Apr 13 2006
Rare metabolic diseases such as Tay-Sachs, Fabry and Gaucher syndromes are caused by enzyme deficiencies and typically have crippling, even fatal, consequences starting at very early ages.
Now a team of University of Washington scientists has developed a relatively simple screening process to detect enzyme deficiencies in newborns that will allow treatment to begin before too much damage has been done.
"All of the damage from these diseases is permanent, so if you can start treatment early, in a few weeks or months, you can begin to minimize the damage," said Frantisek Turecek, a UW chemistry professor.
The technique uses a spot of blood drawn from a baby's heel and dried on a paper card. A 2-millimeter section is punched out of the spot, then is rehydrated, the target enzymes are incubated and then measured using tandem mass spectrometry, a means of determining a substance's chemical makeup and quantity. The sample can be screened for perhaps 15 enzyme deficiencies at the same time, and the entire process typically will take less than two days, Turecek said
So far the screening method has been effective in detecting seven diseases - Krabbe, Pompe, Niemann-Pick, Gaucher, Fabry, Tay-Sachs and Hurler syndromes - associated with enzyme deficiencies within structures called lysosomes, which break down large molecules in most cells.
In each of the diseases, babies typically are symptom free for the first few months to a year of life and then begin to show signs of the disease. The effects can appear gradually over many years or can accumulate rapidly, with the worst cases causing mental retardation, blindness and finally death by the age of 5 or 6. The diseases begin when a missing link - a deficient enzyme - in the lysosome's biochemical chain causes waste material to accumulate in the cell.
"It's like the garbage collectors have all gone on strike," Turecek said. "The garbage builds up, the cell struggles and eventually it dies."
The diseases are relatively rare, and typically the greatest risk lies with certain populations. Tay-Sachs, for instance, occurs most frequently in descendants of central and eastern European Jews, and about one in 30 American Jews carries the Tay-Sachs gene, an occurrence about 100 times greater than for other ethnic groups. Non-Jewish French-Canadians and Cajuns of Louisiana have a similarly elevated risk.

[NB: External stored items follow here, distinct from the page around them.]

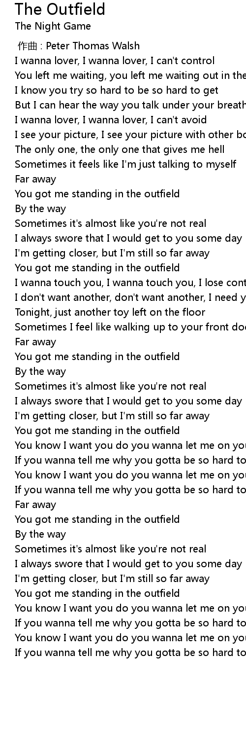 | [01:22.384] | You got me standing in the outfield |
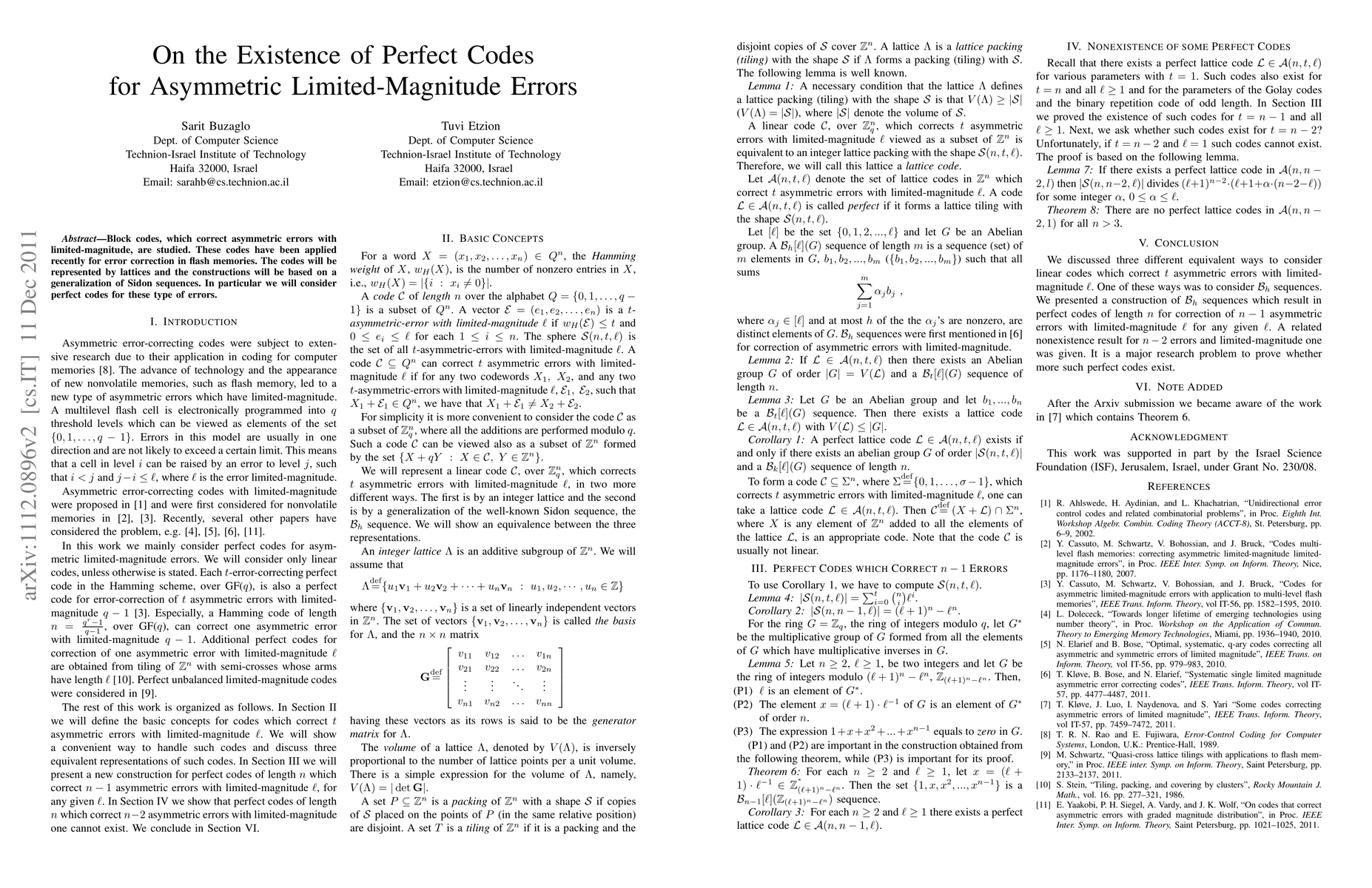 This paper investigates block codes that correct asymmetric errors with limited magnitude, focusing on their application in flash memory error correction. The study constructs these codes using lattices and generalizes Sidon sequences to explore the existence of perfect codes for such error types.
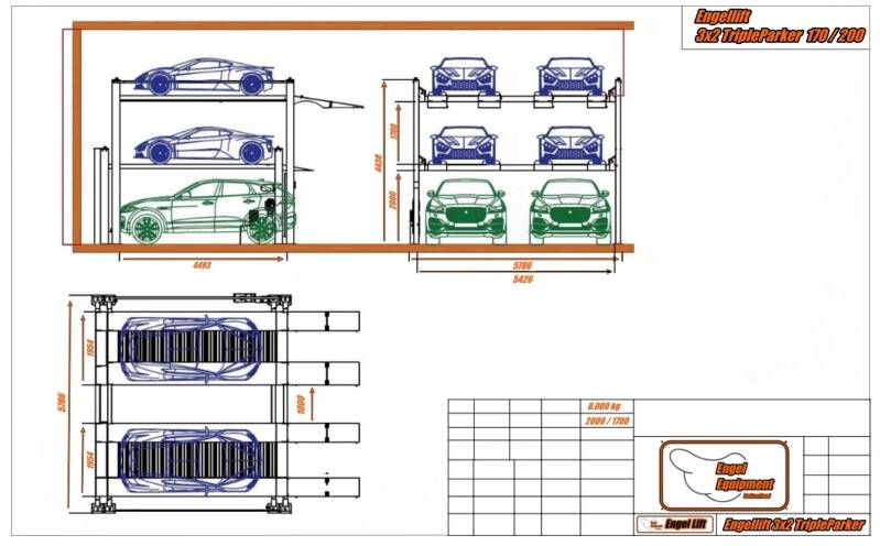 ENGELLift 3x2 TripleParker 210/210 ; Pont élévateur de parking triple à 4 colonnes (4x 2.000kg -& 2x illimité.)
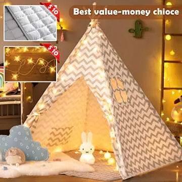 Why You Will Love This Product: Watching your child play, read, or even take a nap in their special teepee will bring a smile to your face. The Tiny Land Kids Teepee Tent isn't just a physical plaything; it fosters creativity, imagination, and a love for playtime. It will become a cherished part of your child's childhood memories, a space filled with adventure and creativity. Investing in this teepee means giving your child a private world to explore and enjoy.
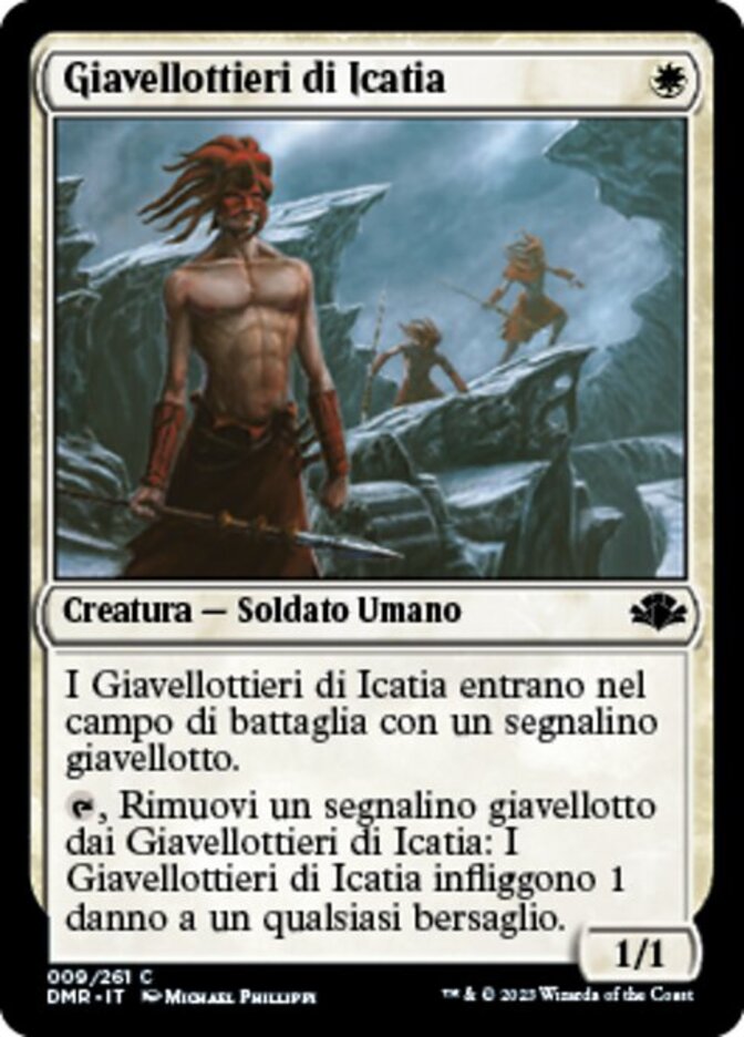 | Rules | Icatian Javelineers enters the battlefield with a javelin counter on it. , Remove a javelin counter from Icatian Javelineers: It deals 1 damage to any target. |

Some of the telltale symptoms can be very similar among all these diseases, making a medical diagnosis difficult, particularly early in life when the symptoms are not readily apparent. The new screening method will allow precise diagnosis very early, so newly developed pharmaceutical treatments can be administered in time to repair the break in the lysosome's biochemical chain and stop further damage.
After an initial investment in mass spectrometry equipment, the new screening should have a relatively low cost, perhaps 5 cents per analysis for chemicals and materials, Turecek said. He estimates one tandem mass spectrometer could process 85,000 screenings a year, equivalent to the state of Washington's annual birth rate.

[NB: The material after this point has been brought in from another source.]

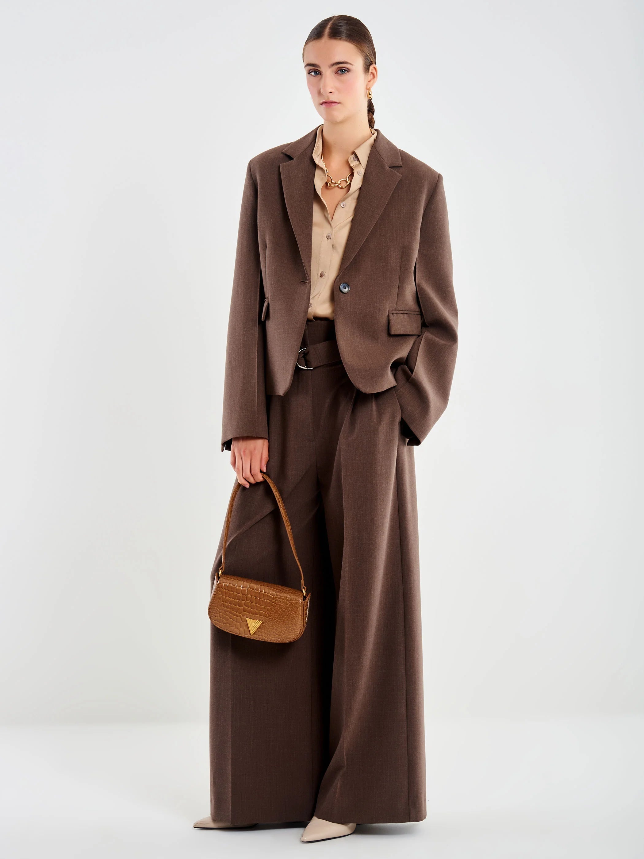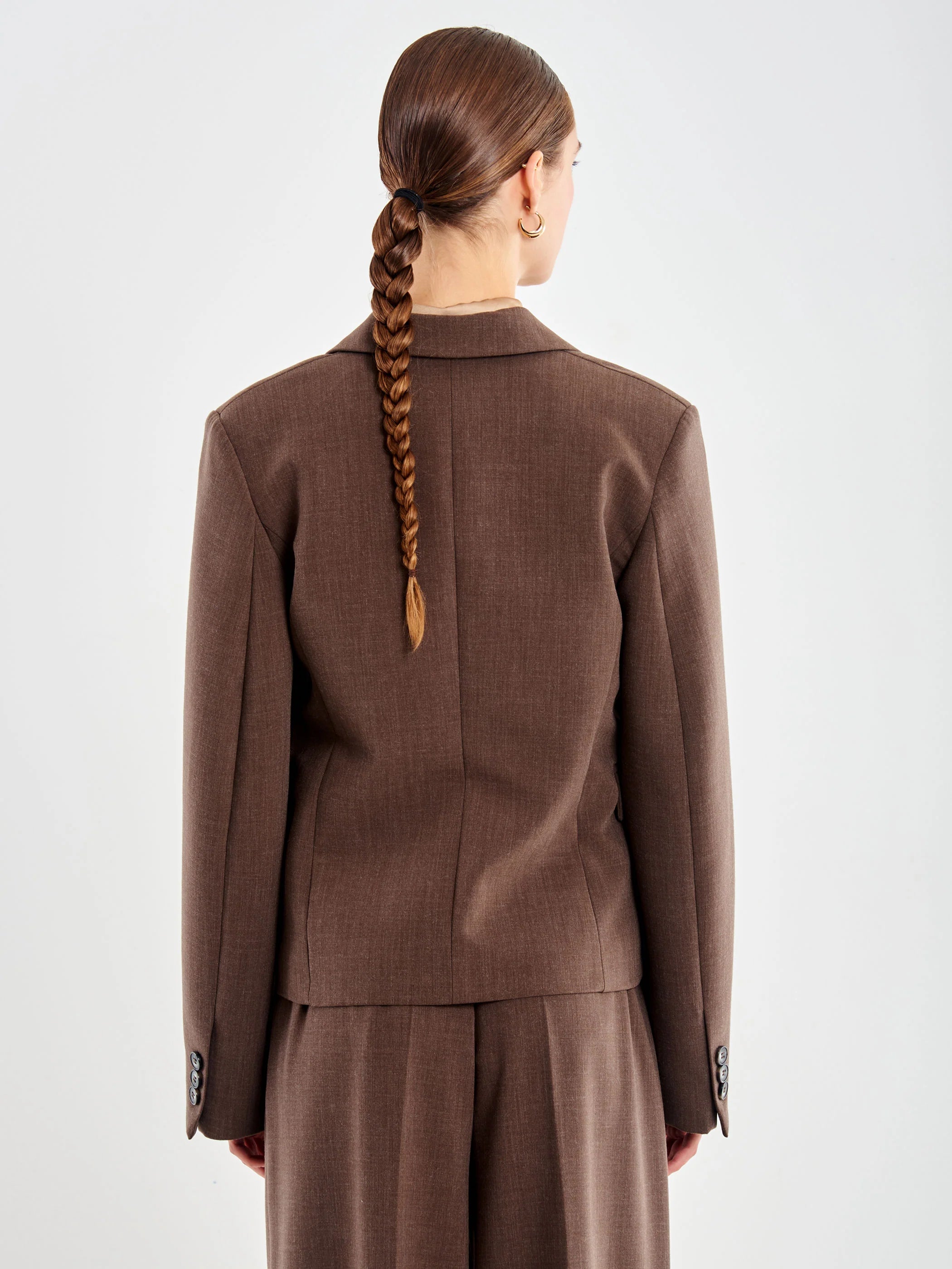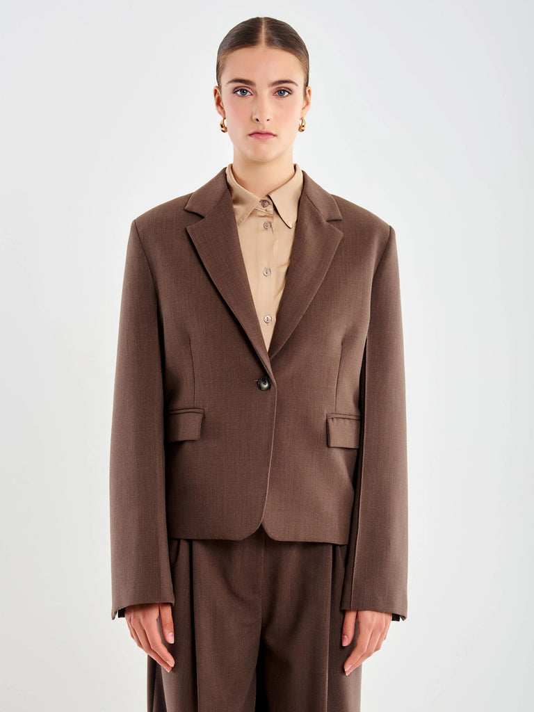 Blazer oversized cropped maniche lunghe. Dettaglio spalla ampia con nervatura cuciture manica. Chiusura monopetto con un bottone. Tasche a pattine sul fronte

The UW research team has been working toward a new screening method since 1998. It began using cultured skin cells but switched to blood samples three years ago. Other members of the research group are chemistry professor Michael Gelb, pediatrics professor C. Ronald Scott, chemistry graduate student Ding Wang and chemistry postdoctoral researcher Yijun Li. The work is supported by grants from the National Institutes of Health and Genzyme Corp. of Cambridge, Mass.
Other diseases eventually can be added to those being screened for, Turecek said, and it could be possible to screen for even more with additional spectrometer runs for a given sample.
"These diseases are such a tragedy," he said. "If we can find them early enough to stop further damage, we can improve the quality of life for these kids."